Горшеня нахмурился, головешкой в кострище пошуровал.
- Экая закавыка, - говорит. - Он ведь не своё добро раздавать решился, а народное, им же у этого народа вытянутое. Он прежде всего преступник, а благородство его - самое натуральное сумасшествие. Стало быть, место ему правильное определили.
Тимофей-рассказчик опешил немного такому повороту, на Горшеню посмотрел с суровым участием. Руки зачем-то о пустые карманы обтёр. Спрашивает:
- То есть что же, по-твоему, получается? Ежели вор решил с воровством своим покончить и честную жизнь начать, то это получается, стал-быть, сумасшествие? Ежели ты вор, то и воруй до конца дней? Получается, о добрых делах и помышлений не имей?
Горшеня на миг смутился - хотел ложку облизать, да не стал. Какое-то решение в нём вызрело, поставил он миску свою на землю, посмотрел почему-то на ковёр, неподалёку лежащий, встал и говорит:
- Не хотел я об этом говорить, ребята, да придётся, раз уж беседа в этот угол зашла. Ежели по совестливости рассуждать, то мне, например, очевидно становится, почему вы данного вора под свою словесную защиту берёте.
- И почему ж? - спрашивает Аким-хмурый. - Коли тебе это так очевидно, то и нам разъясни, изволь.
- А потому что вы сами не лыком шиты, - отвечает Горшеня.
- Это в каком смысле?
- Да всё в таком же. Вы, ребята, лихачи лесные, сами не особо-то честным трудом промышляете, всё больше воровством да разбоем. Аль не так?

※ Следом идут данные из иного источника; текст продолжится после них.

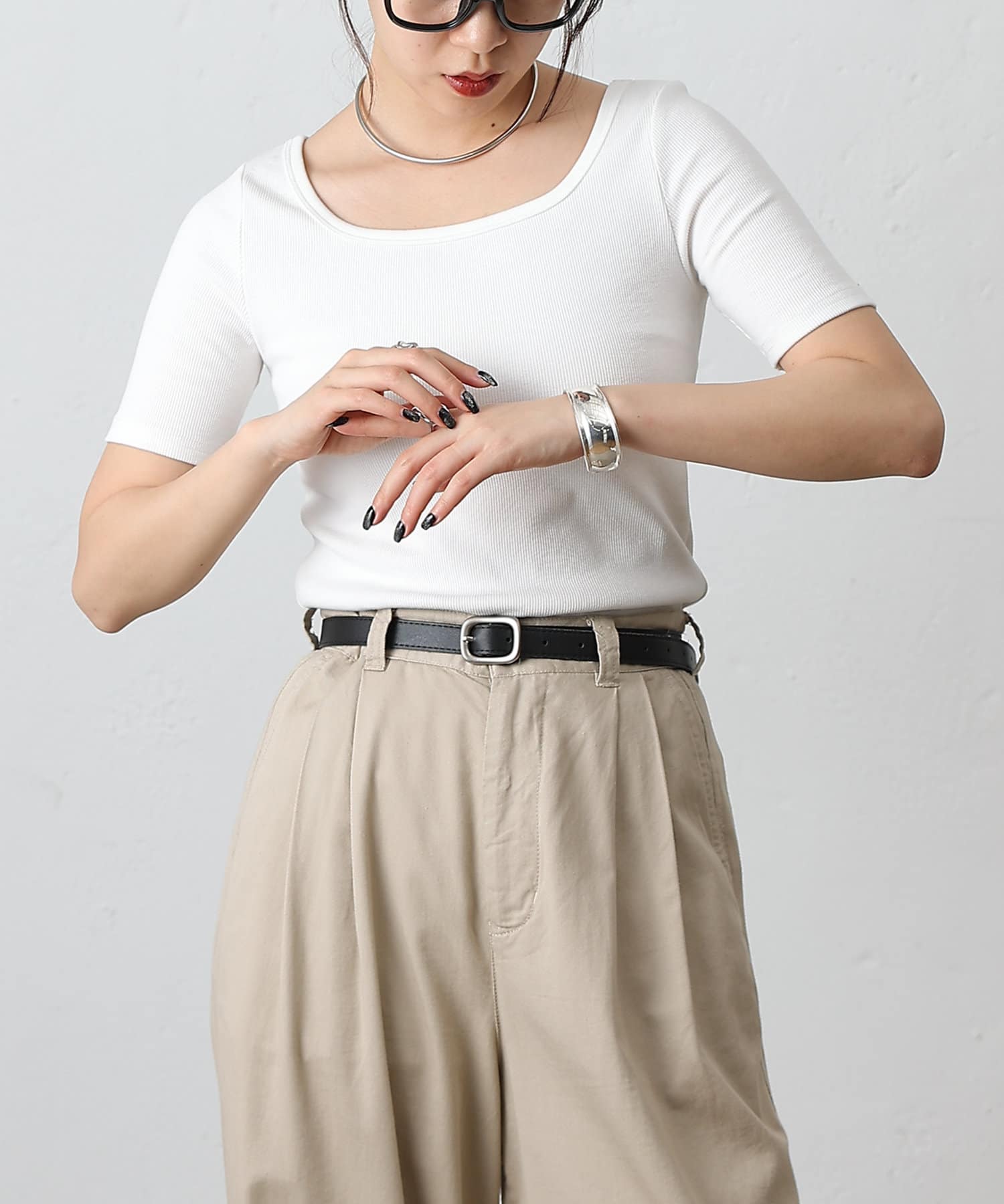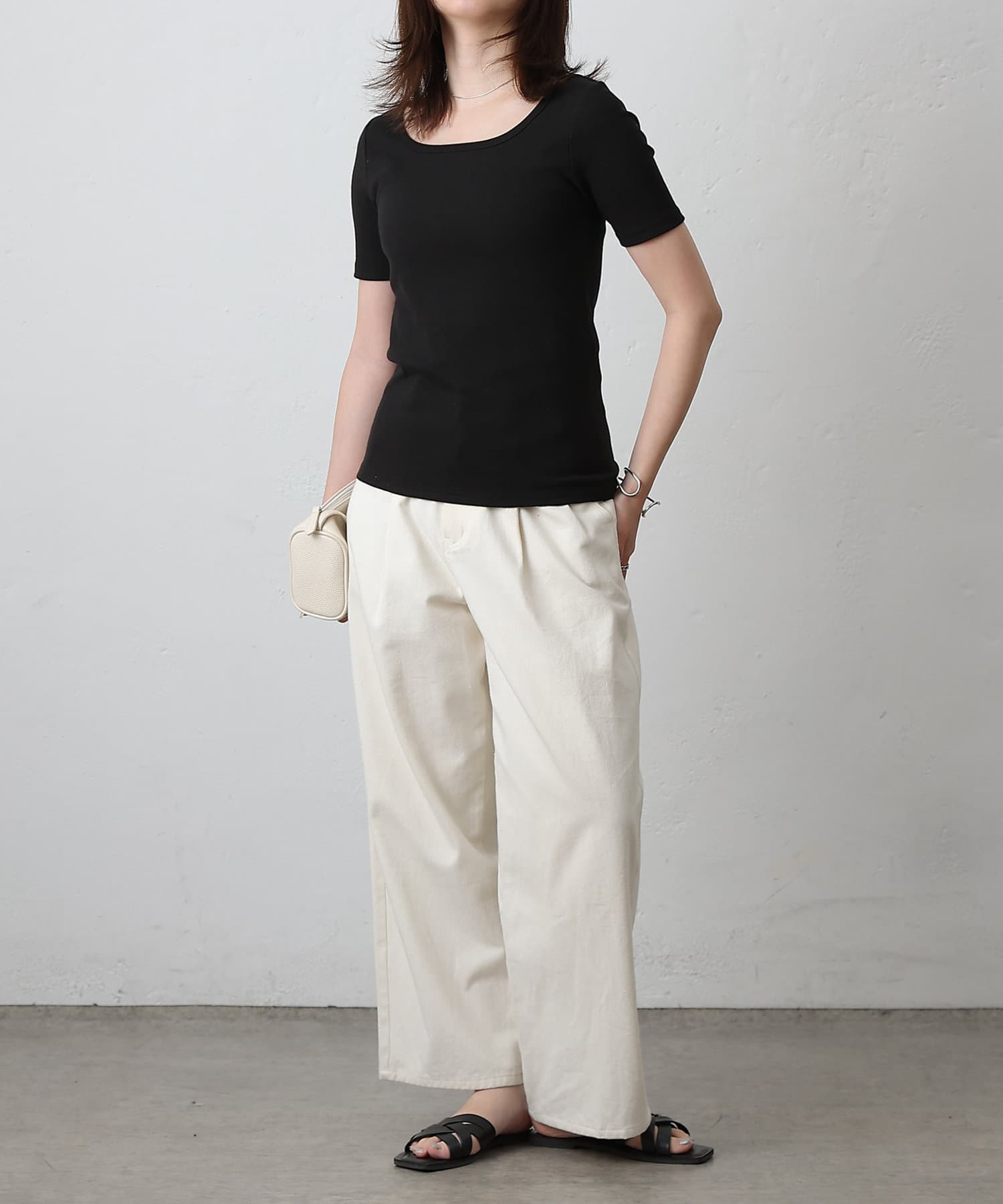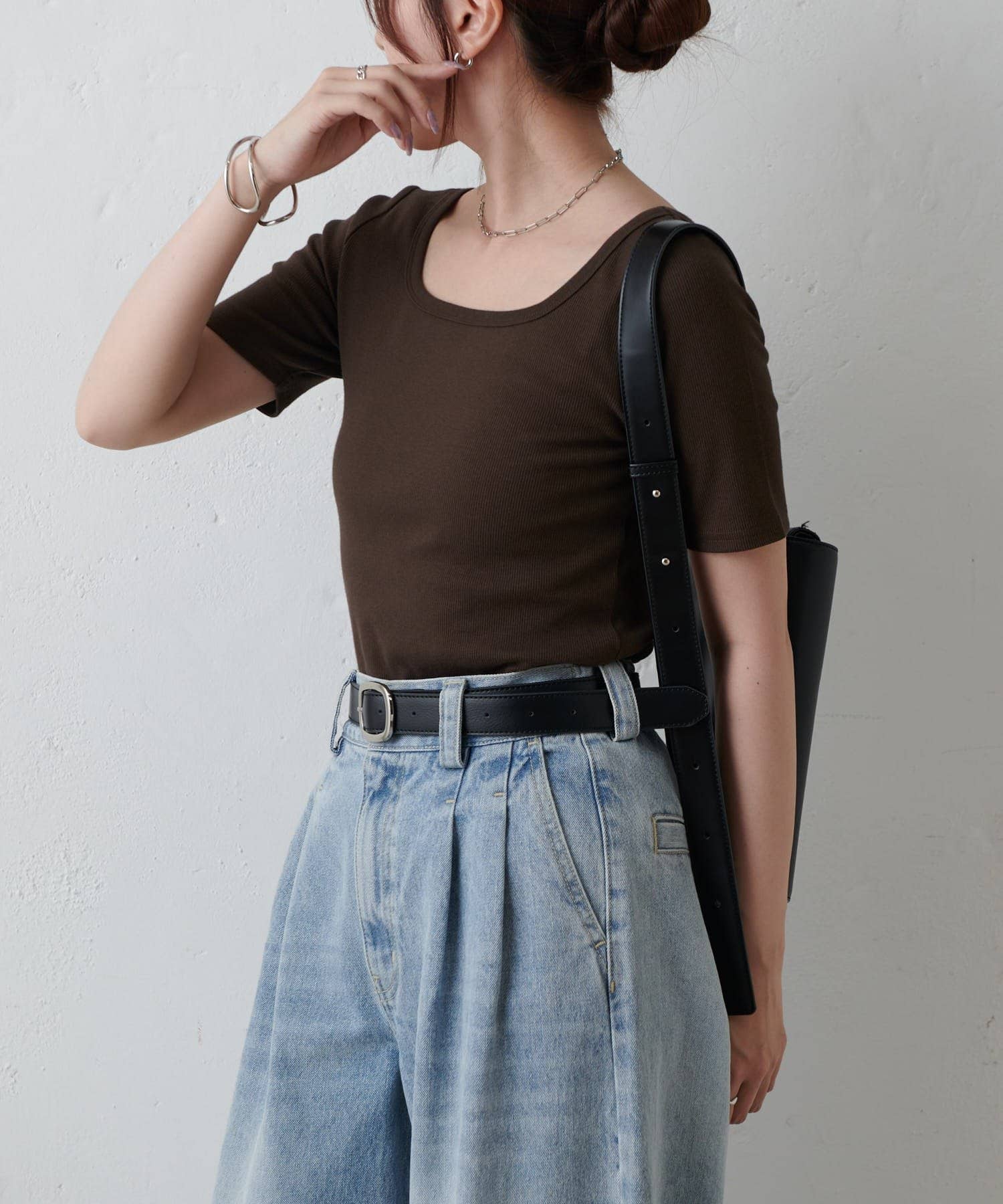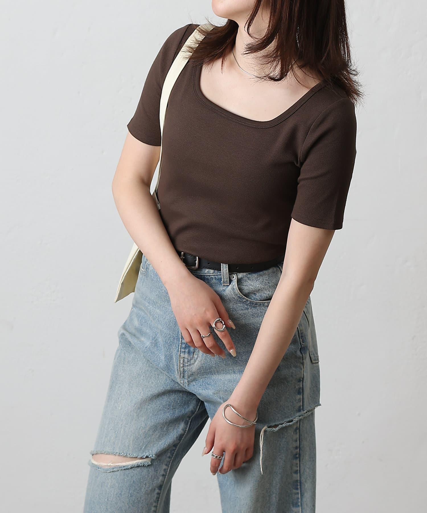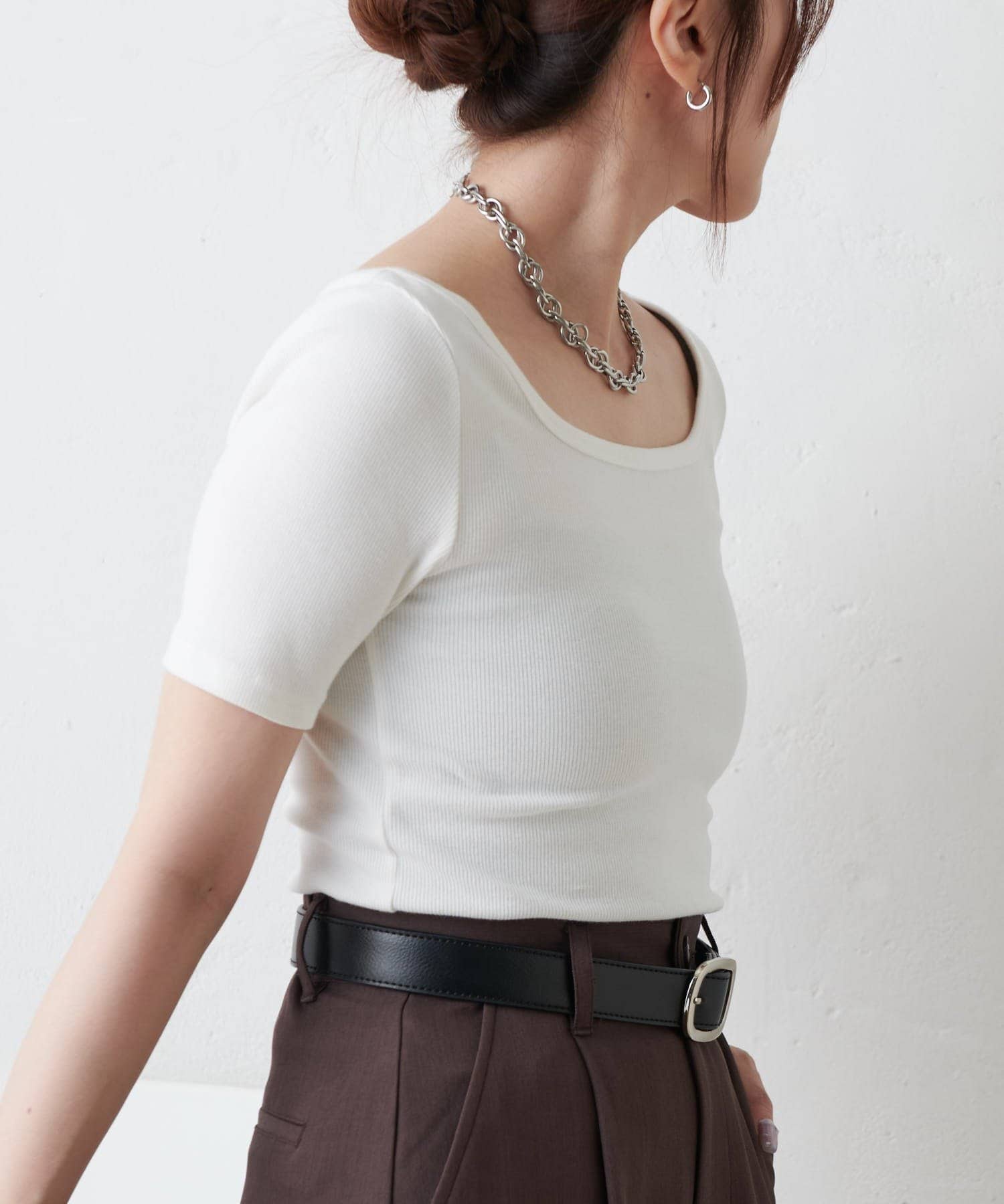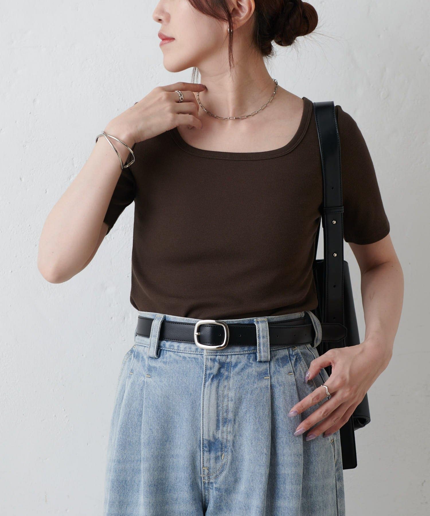 【BASIC LINE】スクエアネックリブ半袖プルオーバー

Семионы насторожились, ложками брякать перестали. Сильвестр-средний Горшене говорит:
- Ты, прямой человек, к нам недавно прибыл, из других краев пришёл. Так вот, ежели ты ещё не знаешь, честный труд в нашем горе-королевстве запрещён, как и любая другая деятельность, окромя бессмысленной.

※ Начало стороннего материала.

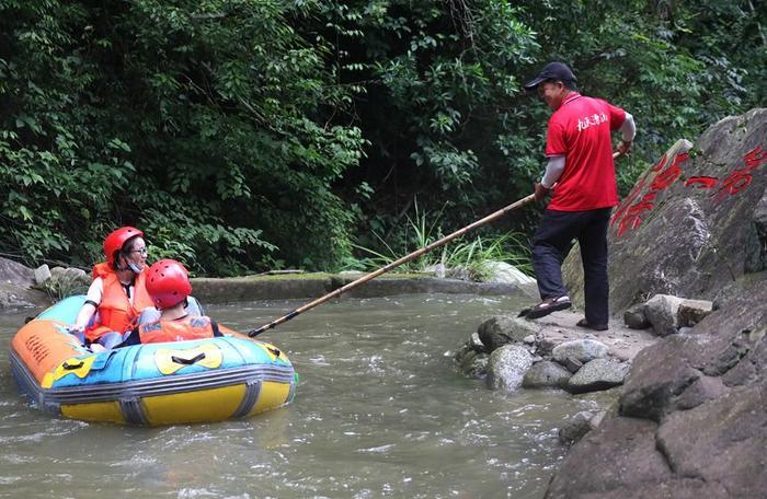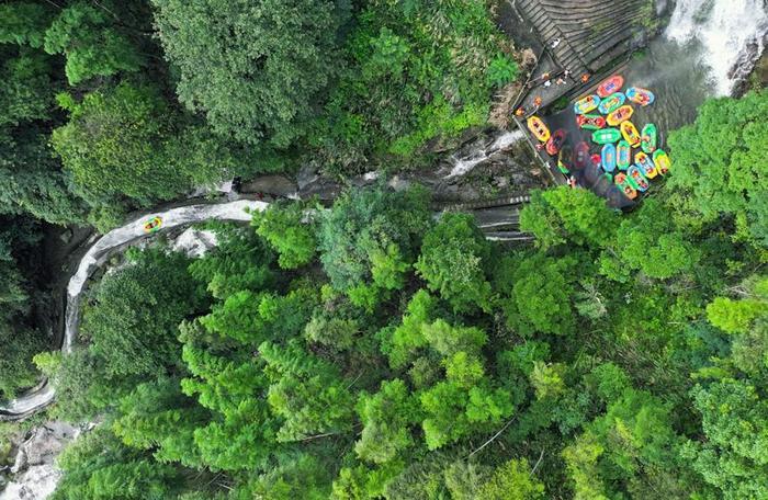 近日,江西省宜春市宜丰县黄垦镇九天国家4A级旅游景区,游客在峡谷漂流区与“浪”共舞,乐享清凉。近年来,宜丰县充分发挥良好的生态环境和丰富的山水资源优势,不断推进农旅融合发展,将美丽资源变为“美丽经济”,助力乡村振兴。(何贱来)
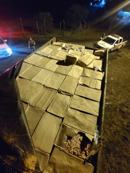 Dentro do caminhão, foram encontradas cerca de sete toneladas de camarão de origem estrangeira e aproximadamente 50 mil carteiras de cigarros contrabandeados. A carga e o veículo foram encaminhados à Receita Federal, enquanto o homem preso foi levado à Delegacia da Polícia Federal em Dionísio Cerqueira, onde foi autuado pelos crimes de contrabando, desobediência e resistência à prisão.

- Знаю я это, - говорит Горшеня, - я к вам хоть и из других земель пришлый, а соли вашей сожрал уж три пуда и своим горбом навсегда с землицей вашей сродниться успел.
- Ты погоди, - урезонивает Сильвестр, - не в перегонки играем, дай мысль закруглить. Слушай. Правильно ты наш характер понял - воруем мы, ясное дело, и грабежом порой не брезгуем. Только воруем - у воров и грабим - грабителей. Вот этих вот господ-праздноделков, - и секретаря Термиткина по плечу хлопнул, кашей его поперхнул. - Ни один хороший человек от нас страданий да лишений не имел и на притеснения не жаловался, а наоборот - спасибо говорили и посильную помощь оказывали.
А Горшеню уже не унять. Понесло его в какие-то нравоучительские степени.
- Хорошие, говоришь, люди? А кто это выяснениями занимался, кто человек хороший, а кто так - с чревоточинкой? Где у вас машинка такая определительная?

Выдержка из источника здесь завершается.